### DATA SHOWN
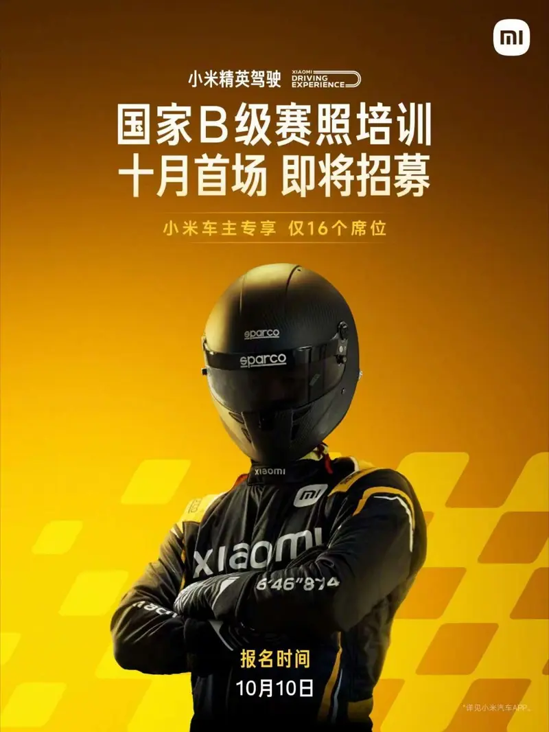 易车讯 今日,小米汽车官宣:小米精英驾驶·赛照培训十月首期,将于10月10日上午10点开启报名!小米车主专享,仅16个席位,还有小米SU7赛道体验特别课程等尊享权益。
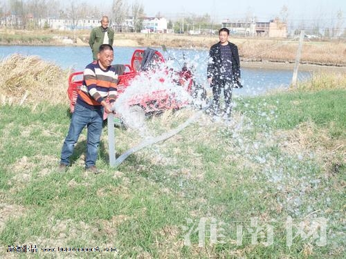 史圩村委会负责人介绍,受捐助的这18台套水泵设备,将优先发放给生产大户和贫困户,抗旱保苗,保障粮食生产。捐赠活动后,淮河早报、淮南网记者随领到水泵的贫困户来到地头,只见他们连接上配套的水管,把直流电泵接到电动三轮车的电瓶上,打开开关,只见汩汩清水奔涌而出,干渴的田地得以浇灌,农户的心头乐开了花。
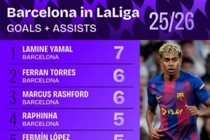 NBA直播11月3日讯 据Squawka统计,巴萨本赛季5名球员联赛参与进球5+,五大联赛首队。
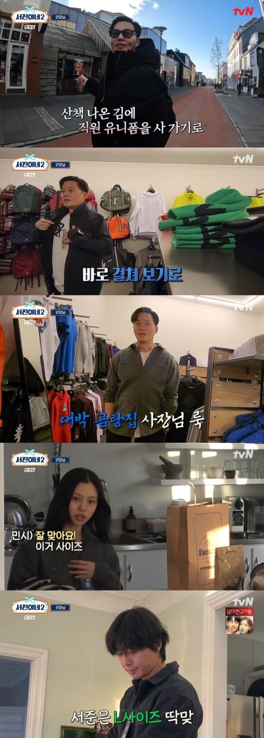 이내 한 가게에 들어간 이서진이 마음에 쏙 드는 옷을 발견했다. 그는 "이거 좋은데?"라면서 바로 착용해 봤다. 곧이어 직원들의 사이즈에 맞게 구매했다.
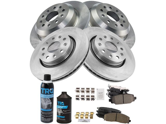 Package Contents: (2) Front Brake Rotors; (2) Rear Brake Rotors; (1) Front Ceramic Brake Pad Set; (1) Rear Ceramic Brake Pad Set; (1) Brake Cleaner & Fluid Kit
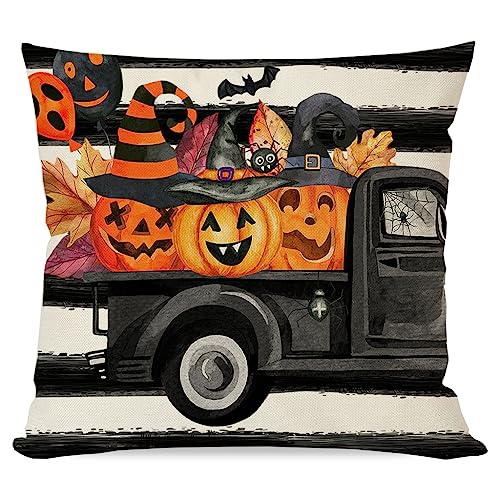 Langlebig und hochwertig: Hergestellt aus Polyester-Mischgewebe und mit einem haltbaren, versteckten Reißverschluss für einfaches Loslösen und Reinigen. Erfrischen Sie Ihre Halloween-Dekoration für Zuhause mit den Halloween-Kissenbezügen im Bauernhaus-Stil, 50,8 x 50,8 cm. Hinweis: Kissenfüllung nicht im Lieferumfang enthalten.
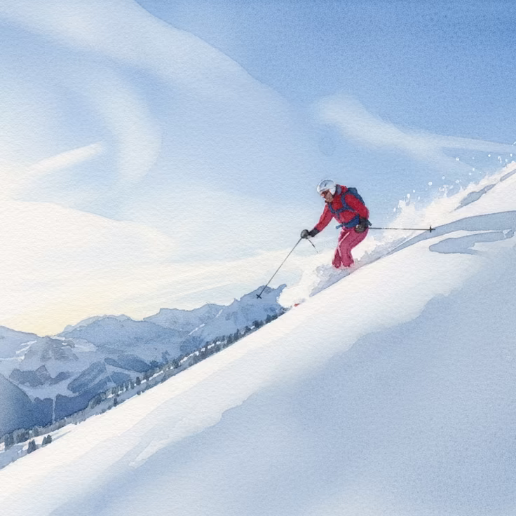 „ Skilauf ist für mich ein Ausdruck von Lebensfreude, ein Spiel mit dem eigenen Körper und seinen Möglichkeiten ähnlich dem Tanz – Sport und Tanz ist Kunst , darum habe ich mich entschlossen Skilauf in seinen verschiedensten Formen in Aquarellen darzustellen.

...

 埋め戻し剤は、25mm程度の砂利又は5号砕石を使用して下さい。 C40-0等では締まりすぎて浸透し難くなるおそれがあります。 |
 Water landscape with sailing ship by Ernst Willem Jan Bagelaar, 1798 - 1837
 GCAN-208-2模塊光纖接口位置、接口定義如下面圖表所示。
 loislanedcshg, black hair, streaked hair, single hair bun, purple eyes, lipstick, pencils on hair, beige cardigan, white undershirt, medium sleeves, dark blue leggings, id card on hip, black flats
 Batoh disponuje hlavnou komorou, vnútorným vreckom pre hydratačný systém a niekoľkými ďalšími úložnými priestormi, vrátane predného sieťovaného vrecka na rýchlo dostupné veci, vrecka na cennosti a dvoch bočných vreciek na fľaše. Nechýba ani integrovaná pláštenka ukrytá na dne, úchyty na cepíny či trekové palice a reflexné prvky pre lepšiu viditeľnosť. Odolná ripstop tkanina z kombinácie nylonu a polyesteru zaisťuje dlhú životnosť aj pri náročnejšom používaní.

### WORK INSTRUCTIONS
Take exactly the lines from the one containing "loislanedcshg, black hair, streaked" through the one containing "Batoh disponuje hlavnou" in the data above, and output them with nothing added.

### EXPECTED ANSWER
 loislanedcshg, black hair, streaked hair, single hair bun, purple eyes, lipstick, pencils on hair, beige cardigan, white undershirt, medium sleeves, dark blue leggings, id card on hip, black flats
 Batoh disponuje hlavnou komorou, vnútorným vreckom pre hydratačný systém a niekoľkými ďalšími úložnými priestormi, vrátane predného sieťovaného vrecka na rýchlo dostupné veci, vrecka na cennosti a dvoch bočných vreciek na fľaše. Nechýba ani integrovaná pláštenka ukrytá na dne, úchyty na cepíny či trekové palice a reflexné prvky pre lepšiu viditeľnosť. Odolná ripstop tkanina z kombinácie nylonu a polyesteru zaisťuje dlhú životnosť aj pri náročnejšom používaní.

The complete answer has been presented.